Consider the topology on $\mathbb{R}$ : the closed sets are given by the finite sets and $\mathbb{R}$ (basically the Zariski Topology on $\mathbb{R}$).
Let $(x_n)_{n \in \mathbb{N} }$ be a sequence in $\mathbb{R}$.
How do we show : if $l$ is a limit of the sequence $(x_n)_{n \in \mathbb{N} }$ if and only if for all $x \neq l$, the number of indices $n$ such that $x_n = x$ is finite.
Determine the accumulation points of the sequence $(x_n)_{n \in \mathbb{N} }$ w.r.t. Zariski topology
On
You can translate the definition of “being a limit” using closed sets:
$ $ for every closed set $C$ not containing $l$, there exists $m$ such that, for $n>m$, $x_n\notin C$
The closed sets non containing $l$ are necessarily finite.
Suppose $l$ is a limit of the sequence. Then, taking $C=\{x\}$, with $x\ne l$, we see that the set $\{n\in\mathbb{N}:x_n=x\}$ is upper bounded, hence finite.
Suppose $l$ satisfies the condition about finiteness. Take a closed set $C$ not containing $l$. Then $C=\{r_1,r_2,\dots,r_k\}$ is finite and you should be able to finish up.

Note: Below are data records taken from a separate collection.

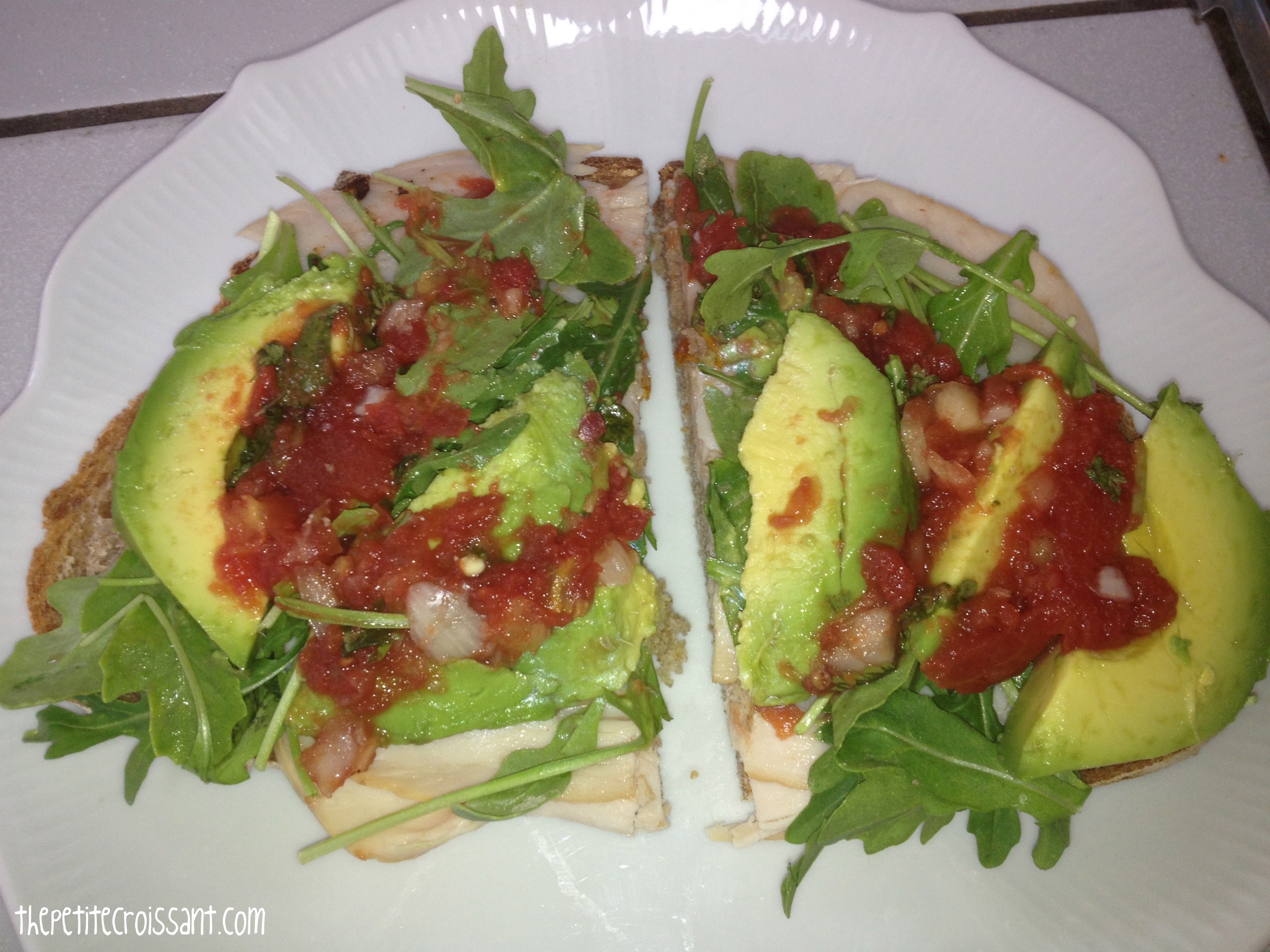 For lunch, I love something fast. On weekdays, I need something I can easily take with me to work/school, and on the weekends, I’m normally busy and grabbing lunch in between errands or after getting back from a workout class. It doesn’t get much easier than an open faced turkey sandwich. No really. Here I’ll prove it. Place a yummy piece of bread on a plate (I recommend some sort of artisan bread, not just your typical loaf of sandwich bread). Place a few pieces of turkey on top, followed by cheese if you want it, but not necessary. Top with a handful of arugula, a few spoonfuls of salsa and slices of avocado. And that’s it. Fresh, delicious, and took less than five minutes to prepare.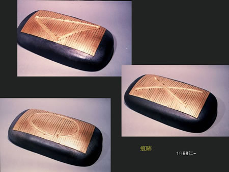これはパッケージと痕跡が一緒になった作品です。表面にある○、×、△は、指先でひっかいたもの。土の動きが瞬間的に出て、生々しさがよく出る、訴求力が強くなっています。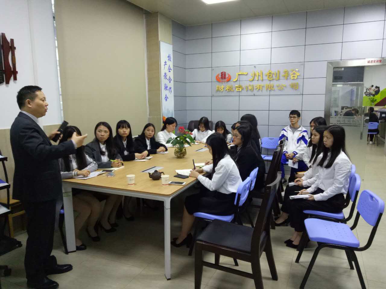 为了打造商贸学校电算化专业特有“教、学、做”一体化教学场所,广州市商贸职业学校与广州创裕财税咨询有限公司共同成立了诚道会计工作室。为了适应职业教育发展规律的要求,积极探索创新校企合作的新模式,诚道会计工作室利用财务咨询公司的代理记账资源,通过“做中教、学中做”的一体化教学模式,由专业教师与企业专家作为双导师,指导学生们在工作室里进行真帐实操。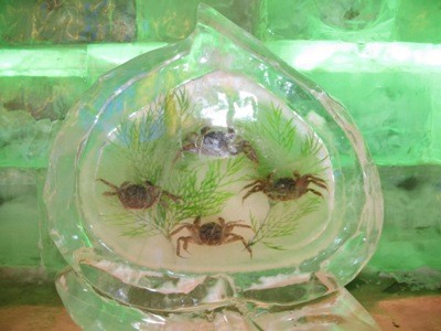 Cá và cua bị đông cứng trong các tác phẩm băng |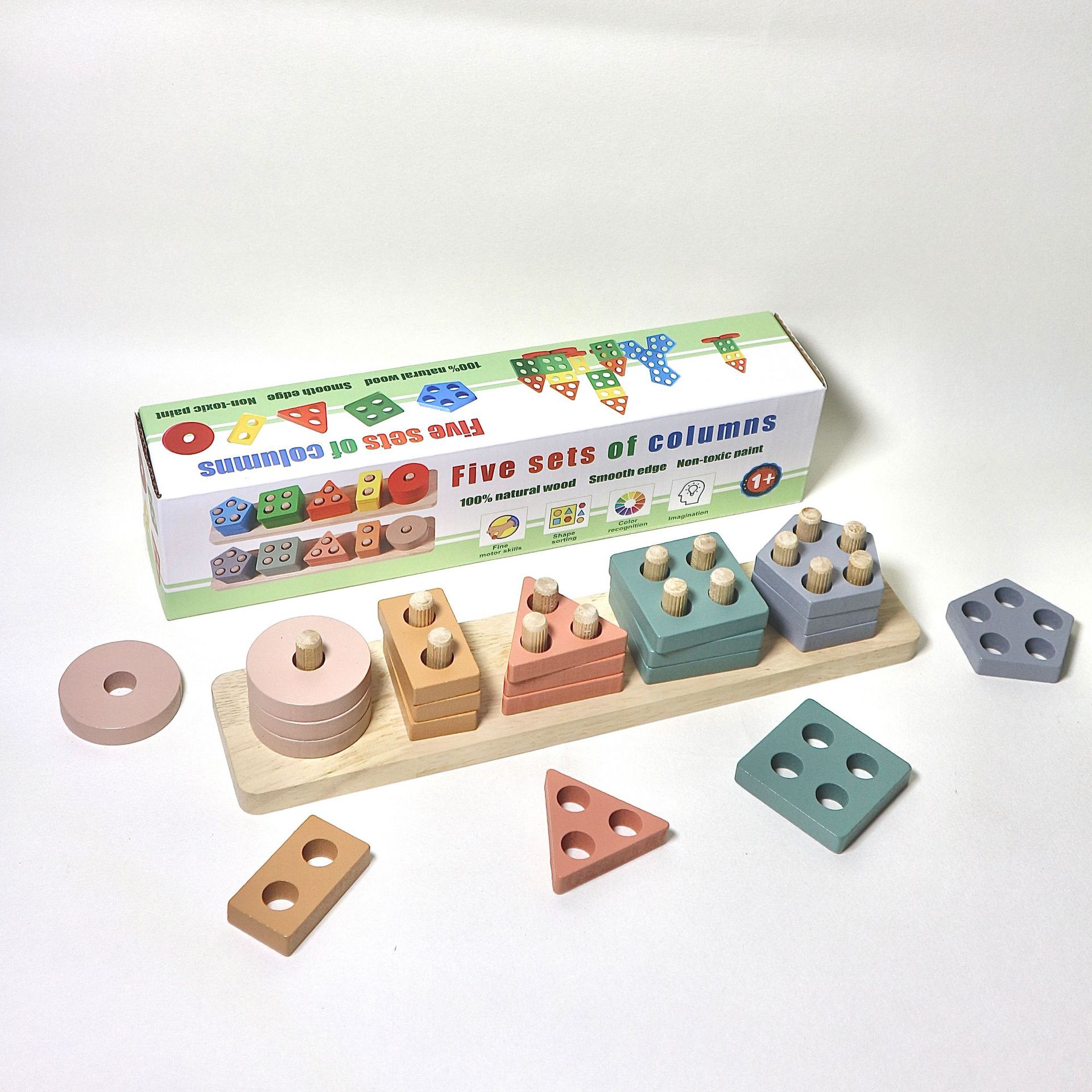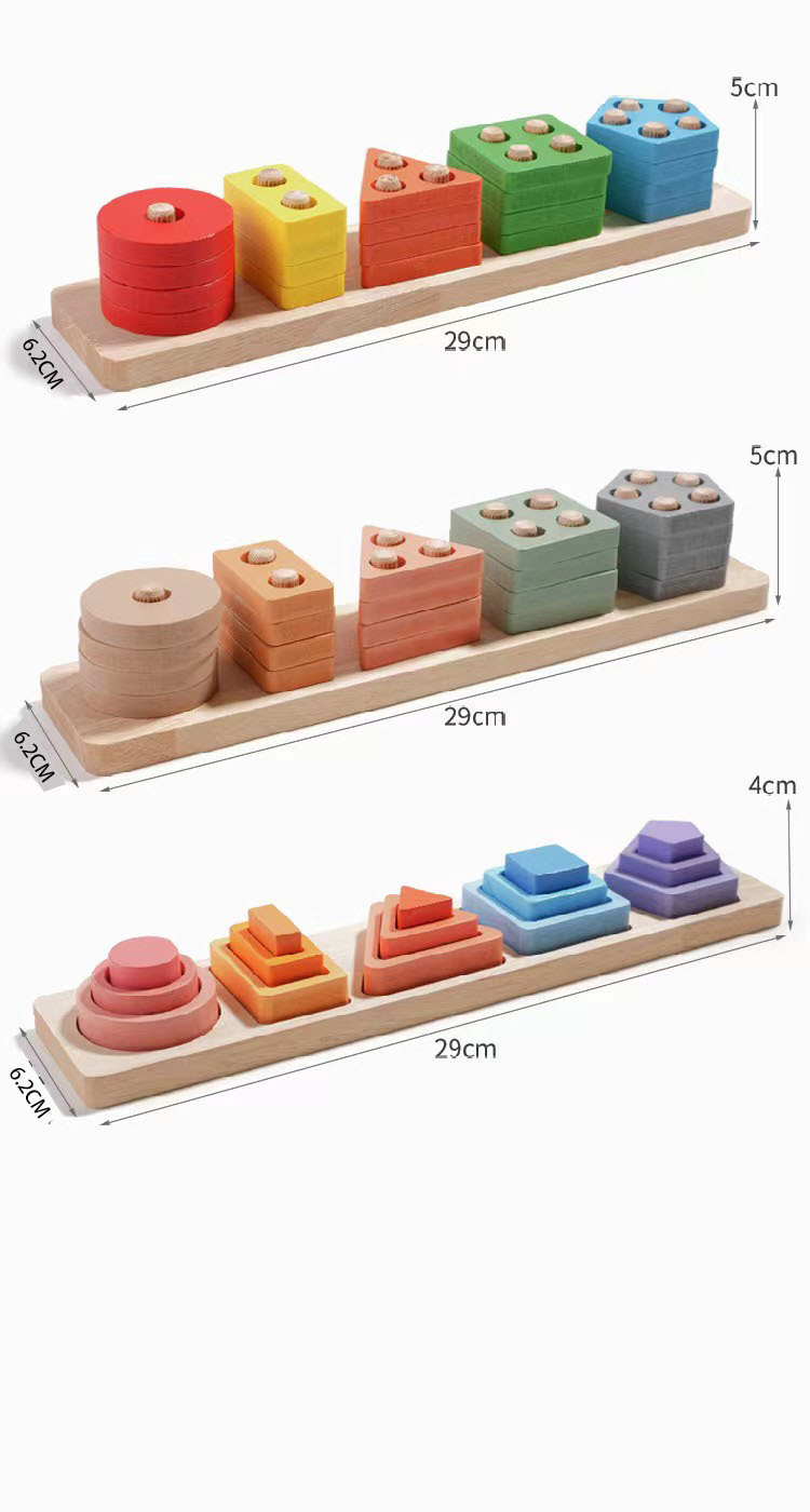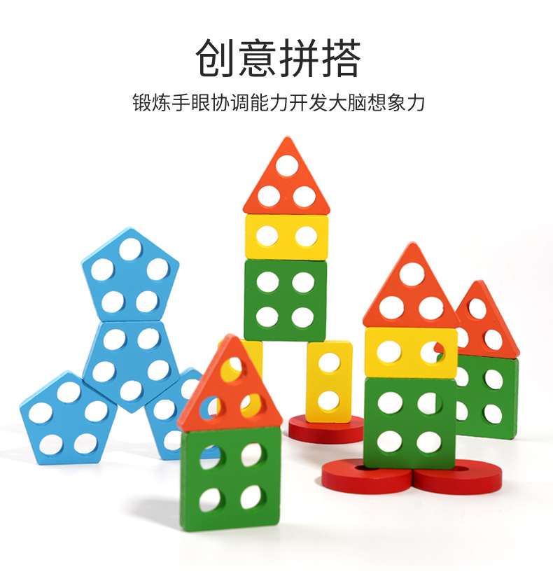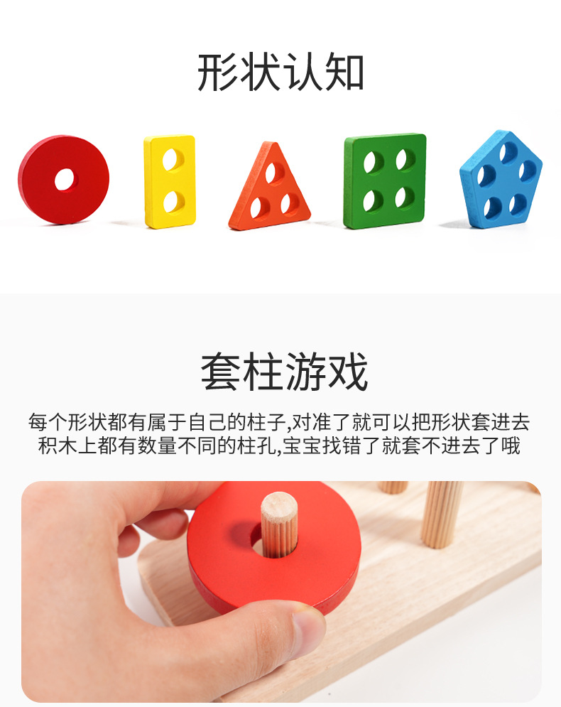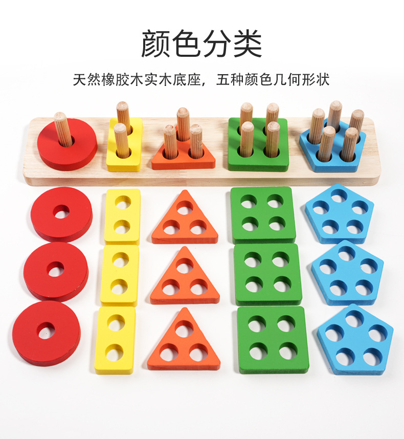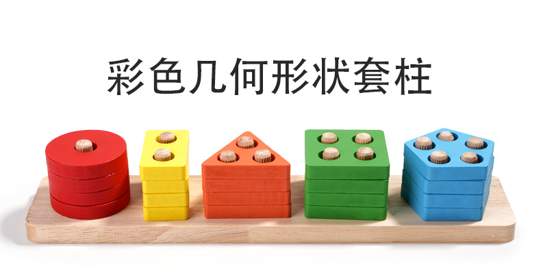 국경 간 CPC 컬러 5개 세트 기둥 단단한 나무 색상 인식 지능 기둥 기하학적 모양 세트 교육 장난감스토어 가기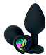 Черная силиконовая пробка с разноцветным кристаллом-сердечком - 8 см.

What about accumulation points of the sequence? Using Kelley's terminology, a sequence is convergent to $l$ if (and only if) it is eventually in every (open) neighborhood of $l$ (it belongs there from a certain point on). The point $l$ is an accumulation point if (and only if) it is frequently in every (open) neighborhood of $l$ (for every $m$, there is $n$ such that $n>m$ and $x_n$ is in the given neighborhood).
If $l$ is an accumulation point of the sequence and $x\ne l$, for every $m$ there is $n>m$ such that $x_n\ne x$. In particular, $\{n\in\mathbb{N}:x_n\ne x\}$ is infinite.
Can you finish with the converse?
Suppose that $\lim x_n=l$ and $x\neq l$. $U_x=\mathbb{R}-\{x\}$ is an open subset which contains $l$, there exists $N$ such that $n>N$ implies that $x_n\in U_x$. This implies that $x_n\neq x$ for $n>N$.
Conversely suppose that $x\neq l$ implies that the set of $x_n$ such that $x_n\neq x$ is finite. Let $U$ be an open subset containing $l$, $U=\mathbb{R}-\{u_1,...,u_p\}$. Let $A\subset \mathbb{N}$ such that $a\in A$ implies that $x_a=x_i$. $A$ is finite. Let $N=\max A$. For every $n>N$, $x_n\neq u_i$ implies that $x_n\in U$.